Zero Charisma
Year: | 2013 |
Production Co: | Magic Stone Productions |
Director: | Katie Graham/Andrew Matthews |
Writer: | Andrew Matthews |
Cast: | Sam Eidson, Garrett Graham |
Lesson number one about a film might not quite be to give you hero some redeeming features, but it must come close.
If you're making a film about antiheroes like Taxi Driver's Travis Bickle, The French Connection's Popeye Doyle or Oldboy's Oh Dae Su, the film succeeds or fails on their quest to right a wrong greater than any wrong they themselves commit, which is what makes us identify with them despite ourselves (if not like them altogether).
The problem with Scott (Sam Eidson) is that when all's said and done, he doesn't face any redemption and become a better man.

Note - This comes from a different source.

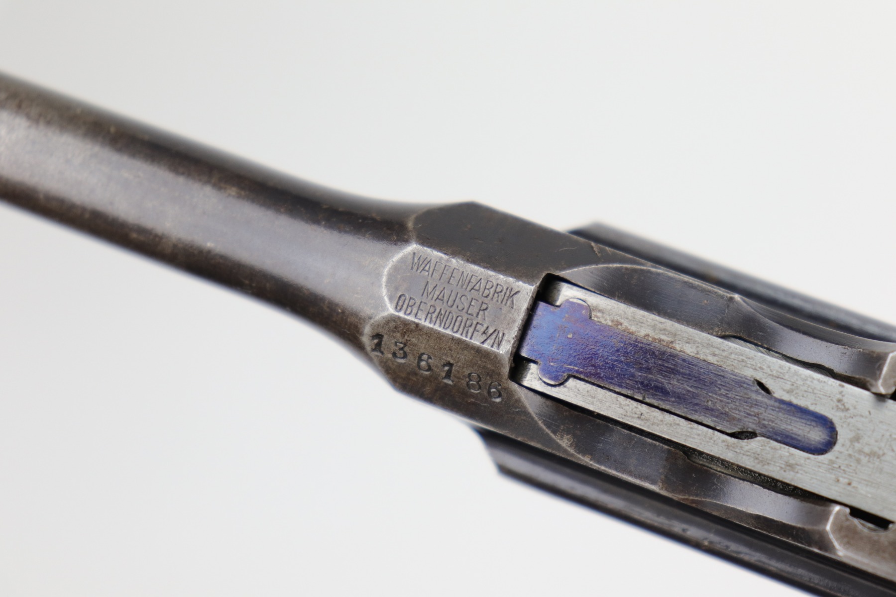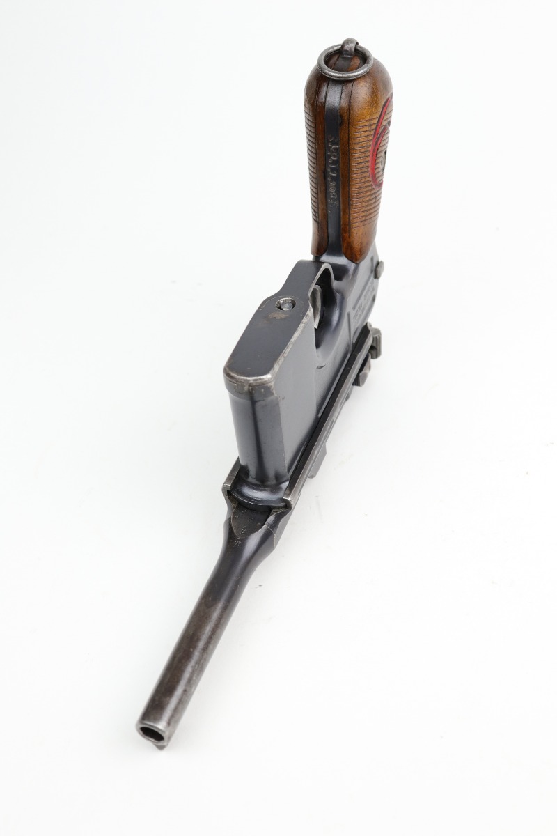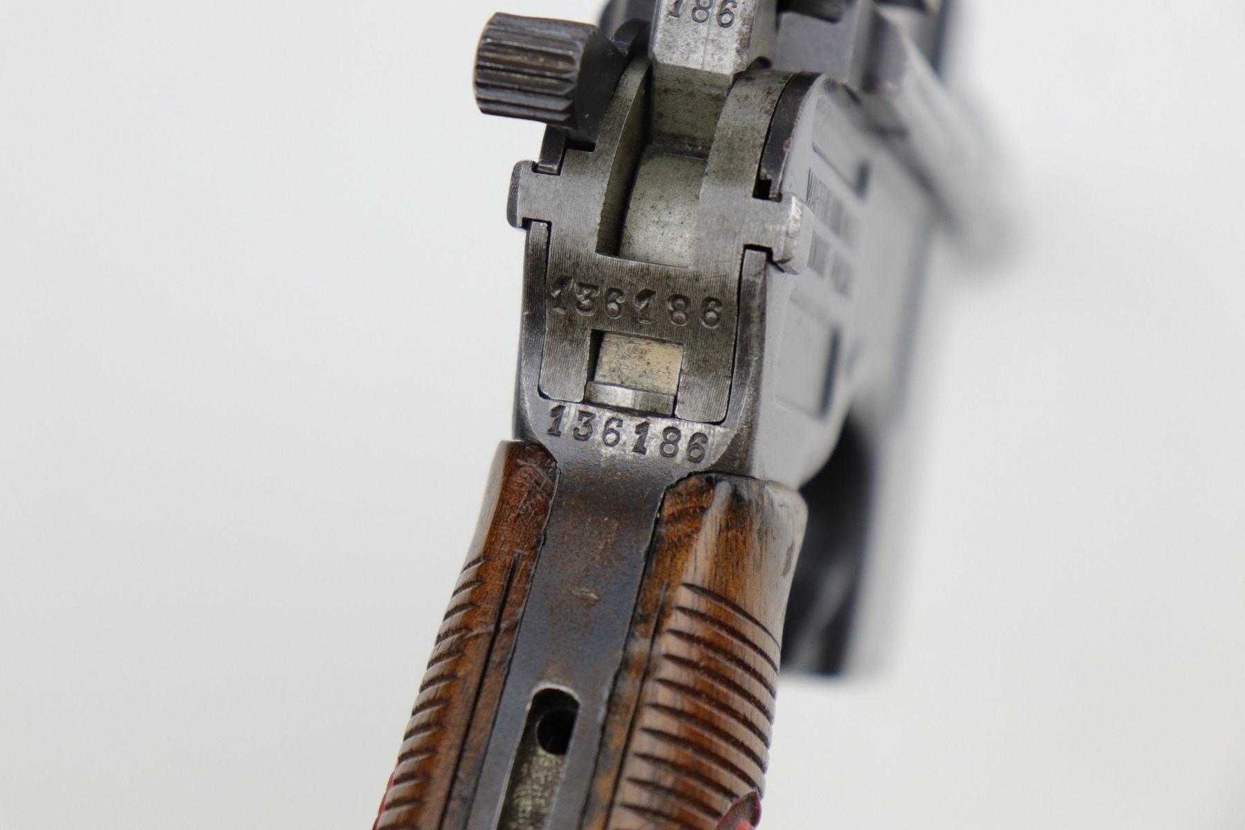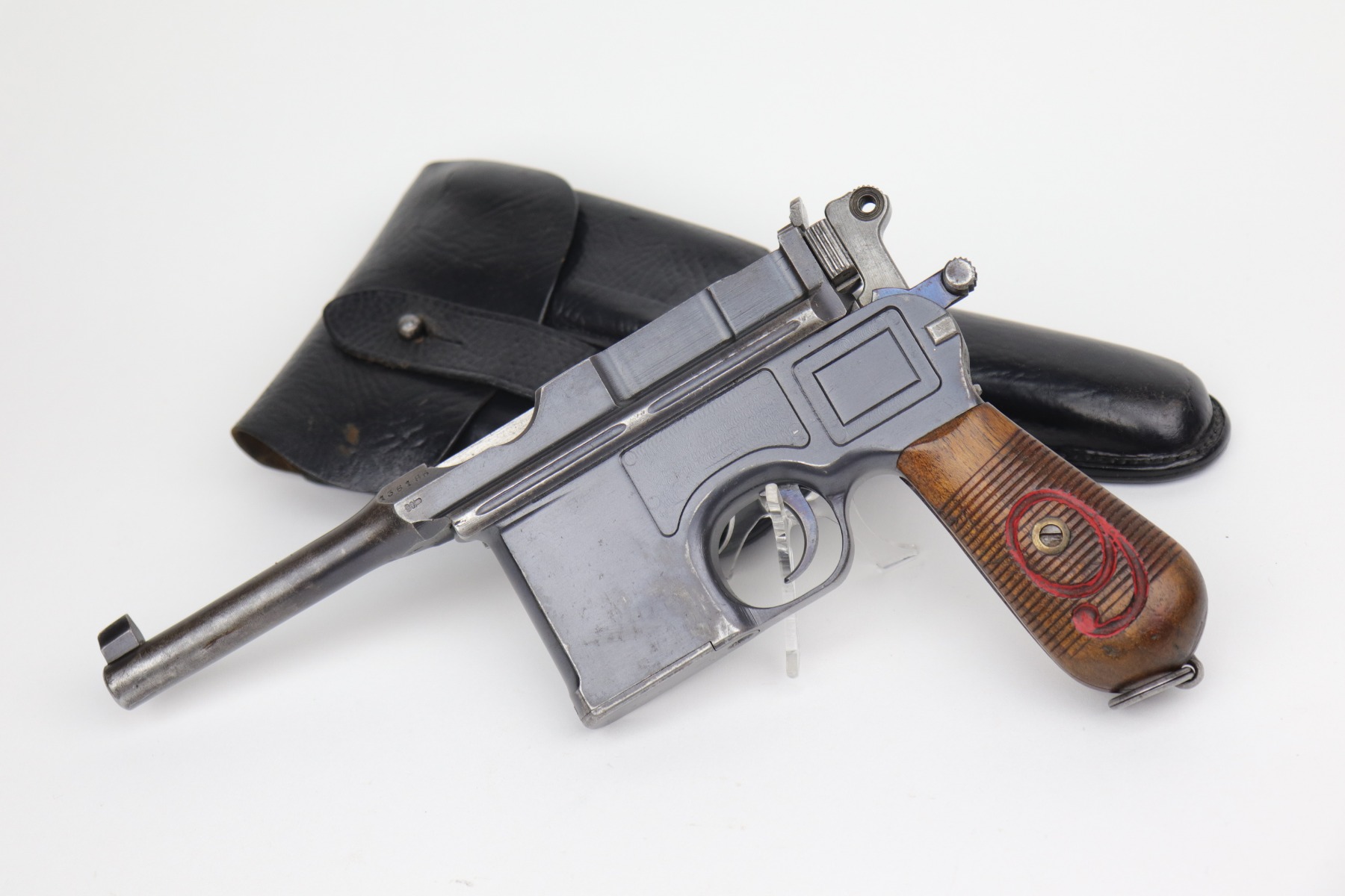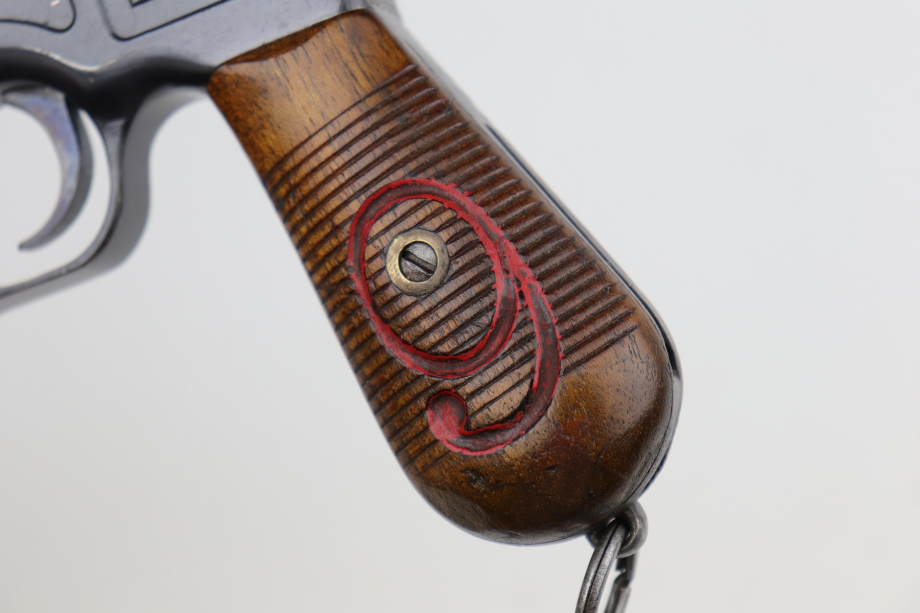 8/23/24 – This is a very nice example of an original Mauser C96 “Red 9” Broomhandle rig that was sent to a German Police department after the war. In accordance with stipulations of the Versailles Treaty, these pistols were modified to have their barrels shortened and tangent sight removed, then many were issued to German Police arsenals. They are far less commonly seen in this configuration than in original design. The gun is all matching except the grips. The pistol is chambered for 9mm. It has retained about 85% of its original finish. There is spotty wear on the barrel and on some of the high edges. There is a unit marking on the front strap, and also on the holster. It comes with the original holster, which is also difficult to find. The bore is very nice – shiny with strong rifling.

The very model of a nerd, he's portrayed as an overweight loser living in his grandmother's house who enjoys the power of leading a Dungeons and Dragons-style weekly game among his equally nerdy friends. When his position at the pinnacle of his tiny world is upset, you keep waiting for Scott to realise the error of his ways after the inevitable struggle against it. But no – he's just a loser tearing embarrassing posters off the wall of a bedroom that looks like it belongs to a kid ten years younger.
Instead of growing, Scott wages war against newcomer Miles (Garrett Graham) when the latter joins the group and starts usurping his position. Miles is everything Scott isn't. He's a comic book artist, he knows about pop culture like Scott and his minions never could, and even lives with a girl. Scott lives in his ailing grandmother's house, a no-nonsense woman with no more illusions than you'll have about what an idiot he is. (And for the record, he's not an idiot because he plays a fantasy board game, he's an idiot because he doesn't realise the little fiefdom of his fantasy board game isn't the whole world.)
Instead of giving Scott an arc, the movie seems instead to just play on any number of easy (and slightly outdated – wouldn't this story be set around a videogame console nowadays?) caricatures and gags about the kind of people in it. And it might seem to be asking a little much to wonder where the character development is in a movie like this, but in not giving Scott anywhere to grow, it's a mean spirited story about a loser who never understands what a loser he is.
A subplot about his money-grubbing mother coming back into the picture only shows how slight the rest of the premise is.